Each section specifies which plugin to use and plugin-specific settings which vary per plugin. You can specify multiple plugins per section, which will be executed in order of appearance.
Let’s take a look at this simple example for Apache access logs:
##Input section input { file { path => "/var/log/apache/access.log" } } ##Filter section filter { grok { match => { "message" => "%{COMBINEDAPACHELOG}" } } date { match => [ "timestamp" , "dd/MMM/yyyy:HH:mm:ss Z" ] } geoip { source => "clientip" } } ##Output section output { elasticsearch { hosts => ["localhost:9200"] } }
In this case, we are instructing Logstash to use the file input plugin to collect our Apache access logs from /var/log/apache/access.log, the grok and geoip plugins to process the log, and the Elasticsearch output plugin to ship the data to a local Elasticsearch instance.
Tips
- Use a text editor to verify closing curly brackets for each statement and no breaking lines.
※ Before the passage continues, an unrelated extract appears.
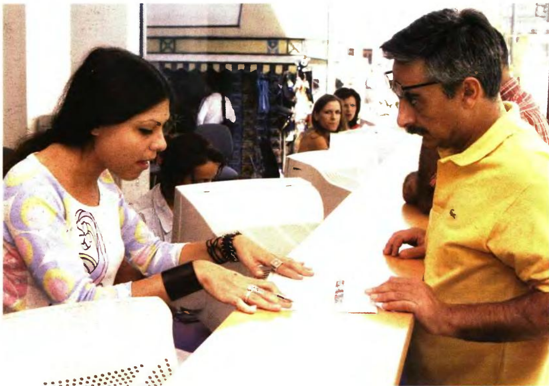
Οι πέντε ευνοϊκές ασφαλιστικές διατάξεις απευθύνονται σε παλαιούς ασφαλισμένους, υπό την προϋπόθεση ότι έπιασαν τα απαιτούμενα έτη ασφάλισης μέχρι τις 18 Αυγούστου 2015

▶ Η έξοδος με πλήρη σύνταξη γίνεται στα 67 ή εναλλακτικά στα 62 με 40 έτη ασφάλισης, ανεξαρτήτως Ταμείου

- Each plugin has different settings. Verify the syntax for each plugin by referring to the plugin’s documentation.
- Only use the plugins you need. Do not overload your Logstash configuration with plugins you don’t need that will only add more points of failure. More plugins also affect performance.
Building your groks
The grok filter plugin is one of the most popular plugins used by Logstash users. Its task is simple — to parse logs into beautiful and easy to analyze data constructs. Handling grok, on the other hand, is the opposite of simple.
Grok is essentially based upon a combination of regular expressions so if you’re a regex genius, using this plugin in Logstash might be a bit easier compared to other users. Still, if you need some tips on grokking, take a look at this article.
The grokdebugger is a free online tool that will help you test your grok patterns on log messages. This tool makes life much easier (there is even a version of this tool available within Kibana), but please note that even if your grok passes the grokdebugge’s test, you still might encounter a Logstash configuration error or even a failed grok (_grokparsefailure).
Tips
- Use the Logstash supported patterns in your groks. A full list of these patterns is available here.
- As you begin configuring your grok, I recommend starting with the %{GREEDYDATA:message} pattern and slowly adding more and more patterns as you proceed.
- There are a bunch of online tools that will help you with building regex’s. I like using regex101.
Testing your configuration
There’s no rush. Before you start Logstash in production, test your configuration file. If you run Logstash from the command line, you can specify parameters that will verify your configuration for you.
In the Logstash installation directory (Linux: /usr/share/logstash), enter:
sudo bin/logstash --config.test_and_exit -f <path_to_config_file>
This will run through your configuration, verify the configuration syntax and then exit. In case an error is detected, you will get a detailed message pointing you to the problem.
For example, in the error below we can see we had a configuration error on line 34, column 7:
[FATAL] 2019-03-09 17:37:27.334 [LogStash::Runner] runner - The given configuration is invalid. Reason: Expected one of #, => at line 34, column 7 (byte 1173) after filter
In case your configuration passes the configtest, you will see the following message:
Configuration OK [INFO ] 2019-03-06 19:01:46.286 [LogStash::Runner] runner - Using config.test_and_exit mode. Config Validation Result: OK. Exiting Logstash
Logstash logging
In most cases, if you’ve passed the configtest and have verified your grok patterns separately using the grokdebugger, you’ve already greatly enhanced the chances you have of starting your Logstash pipeline successfully.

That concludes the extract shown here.